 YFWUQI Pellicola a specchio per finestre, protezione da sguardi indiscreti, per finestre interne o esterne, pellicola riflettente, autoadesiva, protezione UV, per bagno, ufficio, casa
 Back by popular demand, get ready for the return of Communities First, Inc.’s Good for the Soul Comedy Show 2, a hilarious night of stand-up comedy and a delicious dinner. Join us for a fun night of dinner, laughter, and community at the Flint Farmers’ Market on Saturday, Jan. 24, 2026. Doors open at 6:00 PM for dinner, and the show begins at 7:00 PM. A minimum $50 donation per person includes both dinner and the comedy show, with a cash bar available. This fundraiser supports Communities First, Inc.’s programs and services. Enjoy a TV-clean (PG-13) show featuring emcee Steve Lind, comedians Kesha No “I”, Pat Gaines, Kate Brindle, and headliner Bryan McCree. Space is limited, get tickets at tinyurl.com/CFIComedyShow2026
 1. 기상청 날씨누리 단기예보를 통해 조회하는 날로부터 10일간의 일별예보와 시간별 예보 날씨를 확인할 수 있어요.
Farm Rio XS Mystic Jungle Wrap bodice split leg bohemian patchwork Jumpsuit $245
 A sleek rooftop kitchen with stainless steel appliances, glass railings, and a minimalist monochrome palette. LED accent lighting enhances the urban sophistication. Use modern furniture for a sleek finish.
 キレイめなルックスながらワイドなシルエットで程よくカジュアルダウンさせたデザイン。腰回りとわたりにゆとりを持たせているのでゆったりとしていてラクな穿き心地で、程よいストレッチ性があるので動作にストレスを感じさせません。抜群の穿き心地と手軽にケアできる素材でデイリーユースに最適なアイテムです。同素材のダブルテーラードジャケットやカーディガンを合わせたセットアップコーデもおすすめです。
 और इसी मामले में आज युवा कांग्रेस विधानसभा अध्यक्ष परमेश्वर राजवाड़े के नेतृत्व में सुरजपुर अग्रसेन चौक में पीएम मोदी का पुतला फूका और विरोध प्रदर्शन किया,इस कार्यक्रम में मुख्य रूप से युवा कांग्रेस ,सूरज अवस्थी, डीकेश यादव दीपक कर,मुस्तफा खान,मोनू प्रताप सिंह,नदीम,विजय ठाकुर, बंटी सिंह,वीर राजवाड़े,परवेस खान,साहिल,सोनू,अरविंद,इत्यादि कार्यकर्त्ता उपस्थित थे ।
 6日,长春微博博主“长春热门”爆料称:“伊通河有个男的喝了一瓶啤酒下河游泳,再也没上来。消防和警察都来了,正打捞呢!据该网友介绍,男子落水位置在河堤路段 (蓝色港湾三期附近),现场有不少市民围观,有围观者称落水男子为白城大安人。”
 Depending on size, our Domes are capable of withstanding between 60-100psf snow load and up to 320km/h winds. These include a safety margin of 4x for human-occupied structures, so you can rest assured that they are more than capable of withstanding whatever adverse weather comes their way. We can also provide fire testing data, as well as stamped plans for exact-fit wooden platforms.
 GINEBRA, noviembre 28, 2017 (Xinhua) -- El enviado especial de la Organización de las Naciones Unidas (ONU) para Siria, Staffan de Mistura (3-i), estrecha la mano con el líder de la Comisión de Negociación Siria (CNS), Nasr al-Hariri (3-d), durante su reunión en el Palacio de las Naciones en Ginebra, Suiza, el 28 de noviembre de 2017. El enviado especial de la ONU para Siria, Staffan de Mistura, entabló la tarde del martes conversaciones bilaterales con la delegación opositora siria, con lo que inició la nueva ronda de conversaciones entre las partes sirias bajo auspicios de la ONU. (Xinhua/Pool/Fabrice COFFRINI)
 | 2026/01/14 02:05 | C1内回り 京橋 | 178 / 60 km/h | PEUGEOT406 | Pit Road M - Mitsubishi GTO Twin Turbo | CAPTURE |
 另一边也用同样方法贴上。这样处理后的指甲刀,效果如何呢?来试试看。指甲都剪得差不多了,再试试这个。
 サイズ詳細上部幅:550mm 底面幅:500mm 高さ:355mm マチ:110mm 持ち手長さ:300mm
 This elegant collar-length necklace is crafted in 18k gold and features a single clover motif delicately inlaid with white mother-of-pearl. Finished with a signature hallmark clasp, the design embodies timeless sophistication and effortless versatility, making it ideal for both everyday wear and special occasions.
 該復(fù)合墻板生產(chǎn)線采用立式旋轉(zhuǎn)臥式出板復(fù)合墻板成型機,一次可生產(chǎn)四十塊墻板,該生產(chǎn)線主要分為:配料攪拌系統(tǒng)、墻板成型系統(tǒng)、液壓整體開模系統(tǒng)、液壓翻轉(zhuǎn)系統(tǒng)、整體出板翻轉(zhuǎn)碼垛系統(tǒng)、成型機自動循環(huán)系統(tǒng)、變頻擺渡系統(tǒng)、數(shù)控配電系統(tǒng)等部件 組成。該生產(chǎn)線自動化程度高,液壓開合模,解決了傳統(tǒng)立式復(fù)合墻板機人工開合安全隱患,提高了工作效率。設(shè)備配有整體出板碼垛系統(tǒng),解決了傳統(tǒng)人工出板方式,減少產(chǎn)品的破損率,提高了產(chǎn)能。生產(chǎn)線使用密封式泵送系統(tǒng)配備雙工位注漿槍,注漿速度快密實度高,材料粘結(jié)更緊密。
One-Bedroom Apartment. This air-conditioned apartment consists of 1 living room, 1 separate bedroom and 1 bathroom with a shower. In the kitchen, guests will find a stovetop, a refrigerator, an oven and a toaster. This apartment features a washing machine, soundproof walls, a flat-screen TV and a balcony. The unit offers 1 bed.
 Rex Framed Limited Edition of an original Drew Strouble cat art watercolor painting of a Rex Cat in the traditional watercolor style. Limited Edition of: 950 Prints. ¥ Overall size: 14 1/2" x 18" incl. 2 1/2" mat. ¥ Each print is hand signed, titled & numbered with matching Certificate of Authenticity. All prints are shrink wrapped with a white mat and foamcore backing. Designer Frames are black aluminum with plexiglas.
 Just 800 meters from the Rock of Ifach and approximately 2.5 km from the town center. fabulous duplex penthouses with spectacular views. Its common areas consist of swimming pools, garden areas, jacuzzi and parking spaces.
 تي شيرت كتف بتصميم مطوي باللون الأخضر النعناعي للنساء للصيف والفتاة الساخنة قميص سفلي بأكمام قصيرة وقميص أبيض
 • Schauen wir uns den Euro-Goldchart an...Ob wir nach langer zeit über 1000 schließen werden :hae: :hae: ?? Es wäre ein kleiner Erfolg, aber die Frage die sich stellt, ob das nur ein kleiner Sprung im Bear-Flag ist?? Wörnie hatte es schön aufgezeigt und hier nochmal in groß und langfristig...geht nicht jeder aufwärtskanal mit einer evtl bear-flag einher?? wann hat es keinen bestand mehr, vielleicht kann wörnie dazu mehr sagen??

Task instructions
Transcribe the lines above between the line holding "キレイめなルックスながらワイ" and the line holding "另一边也用同样方法贴上。这样", inclusive, exactly as they stand and with nothing added.

Response box
 キレイめなルックスながらワイドなシルエットで程よくカジュアルダウンさせたデザイン。腰回りとわたりにゆとりを持たせているのでゆったりとしていてラクな穿き心地で、程よいストレッチ性があるので動作にストレスを感じさせません。抜群の穿き心地と手軽にケアできる素材でデイリーユースに最適なアイテムです。同素材のダブルテーラードジャケットやカーディガンを合わせたセットアップコーデもおすすめです。
 और इसी मामले में आज युवा कांग्रेस विधानसभा अध्यक्ष परमेश्वर राजवाड़े के नेतृत्व में सुरजपुर अग्रसेन चौक में पीएम मोदी का पुतला फूका और विरोध प्रदर्शन किया,इस कार्यक्रम में मुख्य रूप से युवा कांग्रेस ,सूरज अवस्थी, डीकेश यादव दीपक कर,मुस्तफा खान,मोनू प्रताप सिंह,नदीम,विजय ठाकुर, बंटी सिंह,वीर राजवाड़े,परवेस खान,साहिल,सोनू,अरविंद,इत्यादि कार्यकर्त्ता उपस्थित थे ।
 6日,长春微博博主“长春热门”爆料称:“伊通河有个男的喝了一瓶啤酒下河游泳,再也没上来。消防和警察都来了,正打捞呢!据该网友介绍,男子落水位置在河堤路段 (蓝色港湾三期附近),现场有不少市民围观,有围观者称落水男子为白城大安人。”
 Depending on size, our Domes are capable of withstanding between 60-100psf snow load and up to 320km/h winds. These include a safety margin of 4x for human-occupied structures, so you can rest assured that they are more than capable of withstanding whatever adverse weather comes their way. We can also provide fire testing data, as well as stamped plans for exact-fit wooden platforms.
 GINEBRA, noviembre 28, 2017 (Xinhua) -- El enviado especial de la Organización de las Naciones Unidas (ONU) para Siria, Staffan de Mistura (3-i), estrecha la mano con el líder de la Comisión de Negociación Siria (CNS), Nasr al-Hariri (3-d), durante su reunión en el Palacio de las Naciones en Ginebra, Suiza, el 28 de noviembre de 2017. El enviado especial de la ONU para Siria, Staffan de Mistura, entabló la tarde del martes conversaciones bilaterales con la delegación opositora siria, con lo que inició la nueva ronda de conversaciones entre las partes sirias bajo auspicios de la ONU. (Xinhua/Pool/Fabrice COFFRINI)
 | 2026/01/14 02:05 | C1内回り 京橋 | 178 / 60 km/h | PEUGEOT406 | Pit Road M - Mitsubishi GTO Twin Turbo | CAPTURE |
 另一边也用同样方法贴上。这样处理后的指甲刀,效果如何呢?来试试看。指甲都剪得差不多了,再试试这个。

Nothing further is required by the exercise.